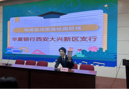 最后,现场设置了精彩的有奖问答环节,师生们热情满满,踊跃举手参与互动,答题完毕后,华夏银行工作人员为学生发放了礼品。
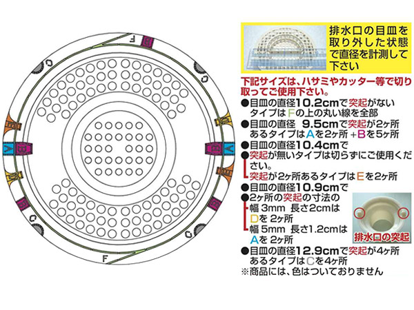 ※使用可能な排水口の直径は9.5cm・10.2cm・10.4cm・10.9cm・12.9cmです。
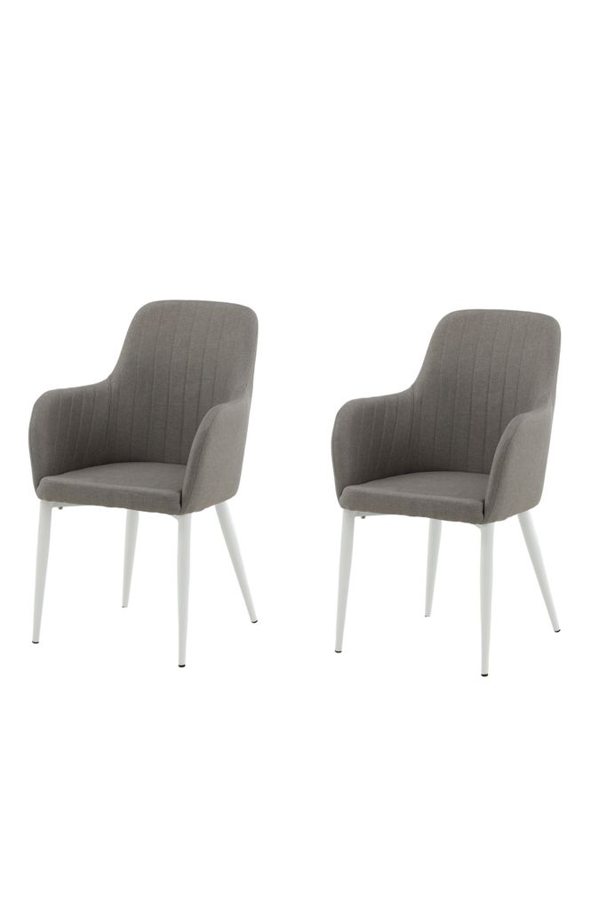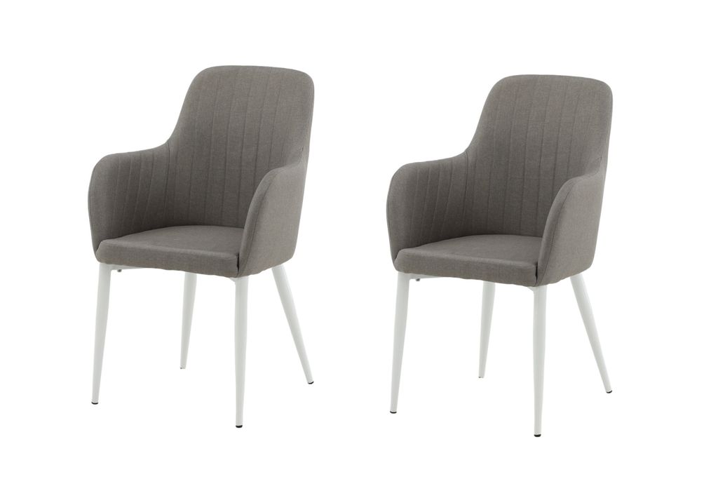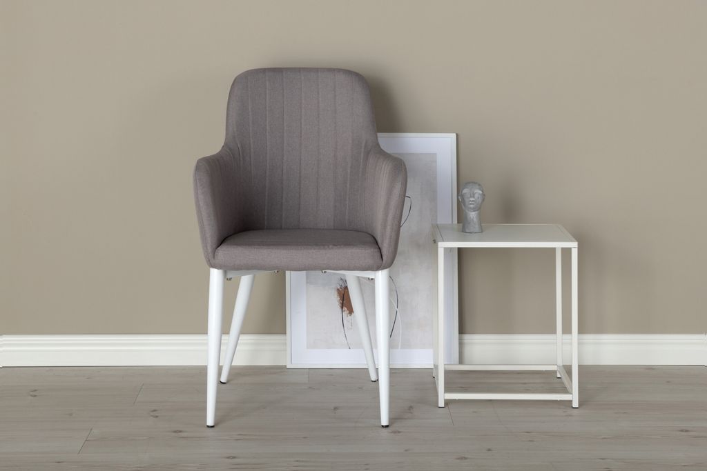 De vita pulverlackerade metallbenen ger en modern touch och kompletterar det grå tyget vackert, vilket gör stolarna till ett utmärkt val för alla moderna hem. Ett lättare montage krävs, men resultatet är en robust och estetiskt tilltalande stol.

**TASK TO CARRY OUT**
Copy the material above exactly and drop the pictures.

**ANSWER TO THIS TASK**
 最后,现场设置了精彩的有奖问答环节,师生们热情满满,踊跃举手参与互动,答题完毕后,华夏银行工作人员为学生发放了礼品。
 ※使用可能な排水口の直径は9.5cm・10.2cm・10.4cm・10.9cm・12.9cmです。
 De vita pulverlackerade metallbenen ger en modern touch och kompletterar det grå tyget vackert, vilket gör stolarna till ett utmärkt val för alla moderna hem. Ett lättare montage krävs, men resultatet är en robust och estetiskt tilltalande stol.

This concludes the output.